When To Say ‘No’ To A Client

April 11, 2011

Anyone with an endearingly wide-eyed child, a friend always in trouble, or a constantly guilty conscience knows that saying the word “no” can be hard. Freelancers and start-ups can find it tempting to say “yes” to almost anyone, particularly when the money is good–especially in an economic downturn.

The key to making a decision either way, however, is listening to your inner voice. It’ll usually tell you when you’re steering in the wrong direction. And besides taking a deep breath and practicing your “no’s” in a mirror every morning after brushing your teeth, a good way of being prepared and confident in your “no’”s is just being able to know when it’s appropriate to say them.

Quality Reasons

Okay, this is probably a given, but money is pretty great. Lots of money? Even better. But if a client wants you to pull your magic wand out of nowhere and put together a long, involved, and not to mention flawless project overnight, then you might want to decline, as well, even if the client is offering you more money than you’ve ever seen at once in your entire life. If all you can come up with in the time allotted is a shoddy-looking rush job that even your mother wouldn’t appreciate as a gift, the client will be dissatisfied, and the work could harm your reputation.

There a flip side to this, too. It’s also possible to produce shoddy work because the client has terrible taste and refuses to budge. Perfect example: you’re a freelance web designer, and your client wants rainbow colors, scrolling text, a frameset from 1997, and a flash animation on their website. You gently ask him to reconsider, but he’s adamant that this is the best design scheme possible, his 7-year old came up with it, kids are the wave of the future, etc. Do you really want your brand associated with this kind of travesty? Probably not. Pass.

Mis-matched Skillset

If the learning curve on the proposed project is steep, it’s likely that you’ll be spending more time running around attempting to find mentors, tutors, and qualified partners to help you, or fiddling around with manuals and online tutorials, then actually working on the project. Again, the client probably won’t be happy with the result, so it’s not worth taking on.

Ethical Reasons

If a client suggests a project and the description immediately makes you sick to your stomach, that’s a red, red flag! Whether it’s because you believe the proposed project is illegal, derogatory to some group or other, or just plain against the beliefs of you or your company, you should never take on a task that makes you (or your colleagues) uncomfortable. (If you do, your unease with the project may subconsciously affect your work.)

Just politely decline. Maybe even say something tactful like, “I don’t think this project aligns with the best interests of our company.”
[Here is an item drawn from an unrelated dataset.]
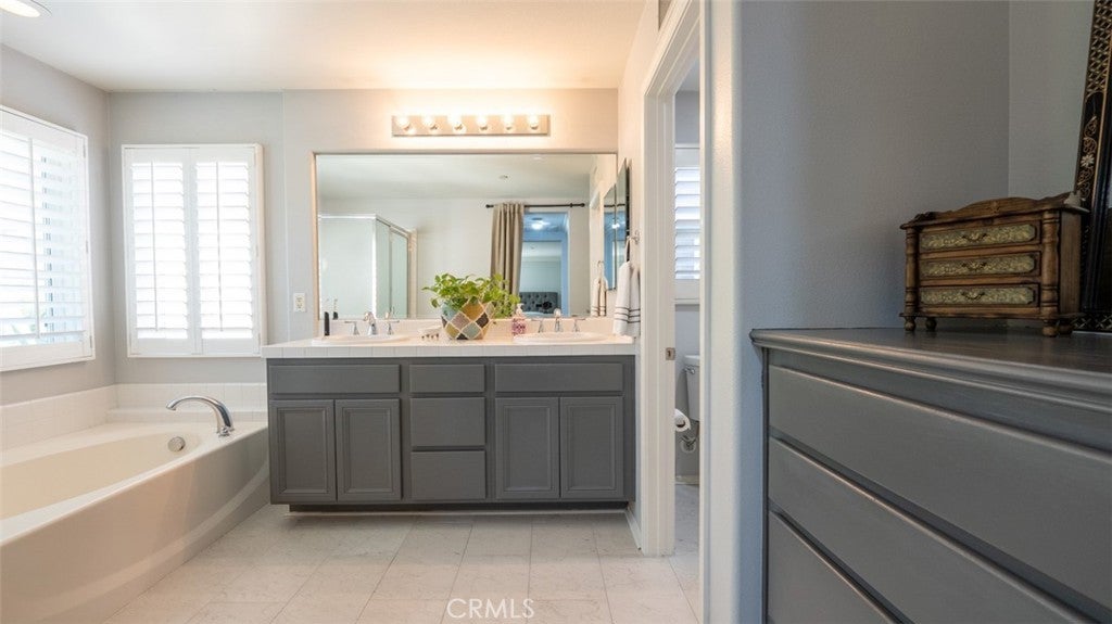 Nestled in the highly sought after Canyon View gated community with 24/7 security, this beautifully maintained 4 bedroom, 3 bathroom home offers stunning mountain views and an inviting atmosphere throughout. Step inside to find a bright, open layout featuring new quartz countertops, elegant window shutters, and stylish crown molding. The spacious kitchen offers a center island, ample cabinetry, and a dedicated dining area that opens to a cozy family room with a fireplace perfect for relaxing or entertaining. The main floor includes a bedroom and full bath, ideal for guests or multi generational living. Upstairs, the primary suite boasts breathtaking views, dual closets, and a luxurious ensuite with dual sinks, soaking tub, and separate shower. Two additional bedrooms share a full hall bath with dual sinks, and the upstairs laundry room with a sink adds convenience. Enjoy outdoor living in the private backyard featuring a built in BBQ and patio area, perfect for gatherings. Additional highlights include dual pane windows, recessed lighting, a commercial grade fire sprinkler system, and a 3 car attached garage with direct access. Community amenities include a sparkling pool, spa, playground, and clubhouse all within minutes of schools, parks, and shopping.

Because really, if you don’t enjoy working on it, you’ll just go home every night after work and cry into a bowl of cereal, mentally berating yourself over sacrificing your integrity. It sucks, and we’ve all been there–so do yourself a favor, please? Don’t.

Other Red Flags

The above listed red flags are the most common reasons to say no, but there are a slew of others:

– Your client is just rude or overly-demanding. It’s not worth the money. Repeat: It’s not worth the money.

The client offers too little money. Sure, desperate times call for desperate measures. But, if you can help it, it’s best to stick to your guns on this one. You don’t want to get stuck in a pattern of low-wage work.

The client makes a disappearing act. Trust us, the client with no phone service and a malfunctioning e-mail account while you’re working on the project will suddenly show up out of nowhere with eight pages of criticism and suggestions once you’re already done. If a client shows no interest in communicating with you, then he/she is probably not very engaged in the project — a red flag if there ever was one.